After enabling Kerberos on our SharePoint Server 2007 acceptance environment I suddenly could not access the environment anymore. The only thing I got was an error stating “Bad Request – header field too long”. Since changing the authentication method to Kerberos was the only change it had to be related with this. Apparently the solution was making changes both on the client and the server level:
- In the eventlogs of my client I saw the following error - “Windows cannot determine the user or computer name. (Not enough storage is available to complete this operation. ). Group Policy processing aborted.
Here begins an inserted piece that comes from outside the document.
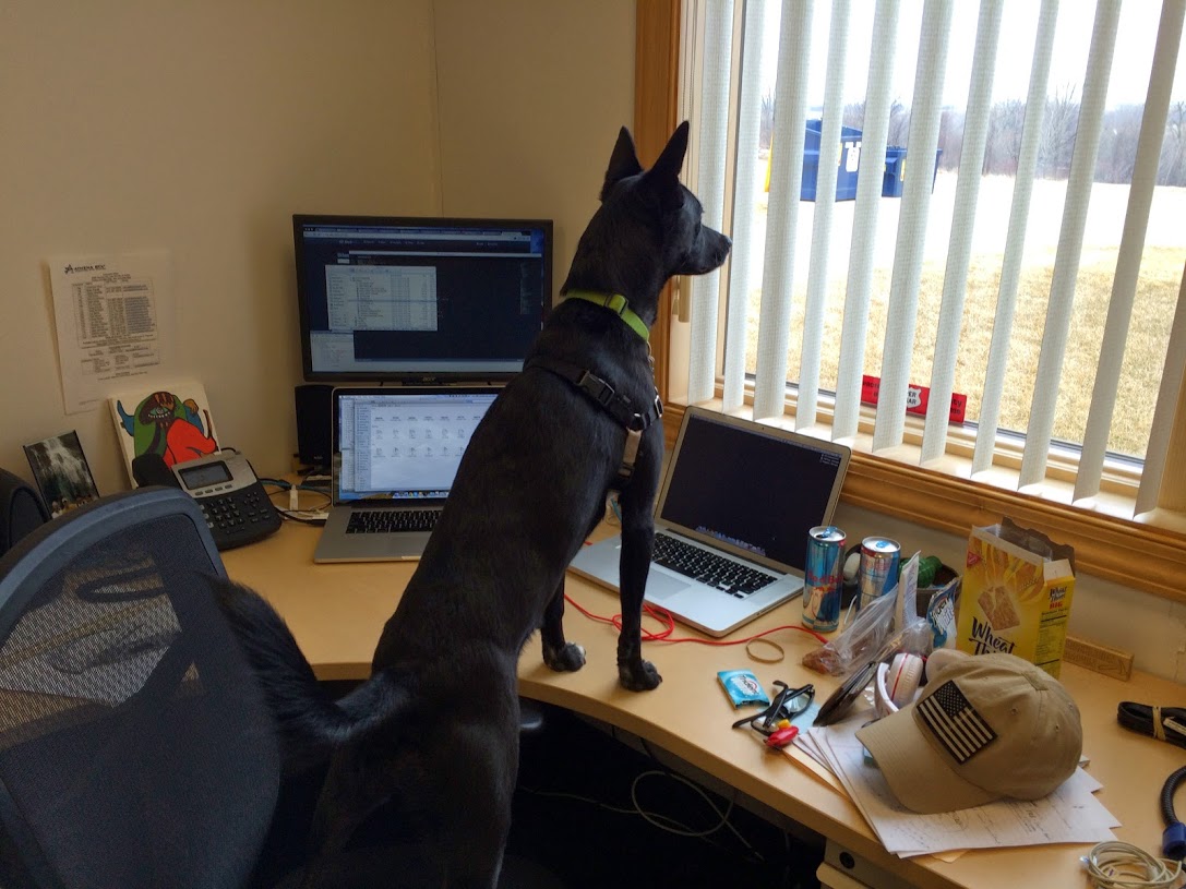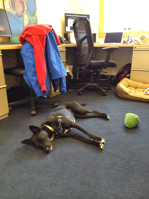 Unlike her hard-working owner, Ava liked to stare out the window and day dream. Probably about running through fields filled with peanut butter rabbits at temperatures above 60°.

For more information, see Help and Support Center at http://go.microsoft.com/fwlink/events.asp.”. Apparently this was caused by the fact that I’m a member of quite a few Active Directory groups – check out KB327825 New resolution for problems with Kerberos authentication when users belong to many groups. Using the old fix – changing the MaxTokenSize and MaxUserPort in the registry seemed to already solve some issues but still no go on accessing our SharePoint Server environment.
- Next I stumbled on to this blog post – HTTP 1.1 400 Bad Request (Header field is too long). Configuring IIS on the SharePoint Server 2007 to accept larger headers seemed to do the trick – check out KB 820129- Http.sys registry settings – the settings we changed was both the MaxFieldLength and MaxRequestBytes. This seemed to do the trick.